> [TASK]: Below are some records; output exactly the lines from the line with "BEAVER LAKE ~" to the line with "Die Beach Class", both ends kept, and nothing more.

> [INPUT FOR THIS TASK]:
▶

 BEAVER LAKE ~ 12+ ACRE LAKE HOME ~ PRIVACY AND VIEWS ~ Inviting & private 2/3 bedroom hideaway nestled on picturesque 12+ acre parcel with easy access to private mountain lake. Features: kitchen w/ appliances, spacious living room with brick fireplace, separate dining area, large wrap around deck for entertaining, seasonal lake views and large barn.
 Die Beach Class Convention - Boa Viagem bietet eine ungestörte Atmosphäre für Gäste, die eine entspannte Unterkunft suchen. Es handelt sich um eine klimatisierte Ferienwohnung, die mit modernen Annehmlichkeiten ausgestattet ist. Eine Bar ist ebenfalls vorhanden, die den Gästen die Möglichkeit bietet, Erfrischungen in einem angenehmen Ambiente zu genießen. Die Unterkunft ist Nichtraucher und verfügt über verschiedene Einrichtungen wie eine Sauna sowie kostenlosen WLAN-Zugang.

◀
▶

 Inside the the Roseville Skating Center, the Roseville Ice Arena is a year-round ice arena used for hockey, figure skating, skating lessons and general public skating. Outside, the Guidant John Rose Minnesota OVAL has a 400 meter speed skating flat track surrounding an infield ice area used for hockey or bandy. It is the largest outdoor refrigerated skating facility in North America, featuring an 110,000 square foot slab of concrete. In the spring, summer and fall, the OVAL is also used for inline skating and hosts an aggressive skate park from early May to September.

◀

> [RESPONSE]:
 BEAVER LAKE ~ 12+ ACRE LAKE HOME ~ PRIVACY AND VIEWS ~ Inviting & private 2/3 bedroom hideaway nestled on picturesque 12+ acre parcel with easy access to private mountain lake. Features: kitchen w/ appliances, spacious living room with brick fireplace, separate dining area, large wrap around deck for entertaining, seasonal lake views and large barn.
 Die Beach Class Convention - Boa Viagem bietet eine ungestörte Atmosphäre für Gäste, die eine entspannte Unterkunft suchen. Es handelt sich um eine klimatisierte Ferienwohnung, die mit modernen Annehmlichkeiten ausgestattet ist. Eine Bar ist ebenfalls vorhanden, die den Gästen die Möglichkeit bietet, Erfrischungen in einem angenehmen Ambiente zu genießen. Die Unterkunft ist Nichtraucher und verfügt über verschiedene Einrichtungen wie eine Sauna sowie kostenlosen WLAN-Zugang.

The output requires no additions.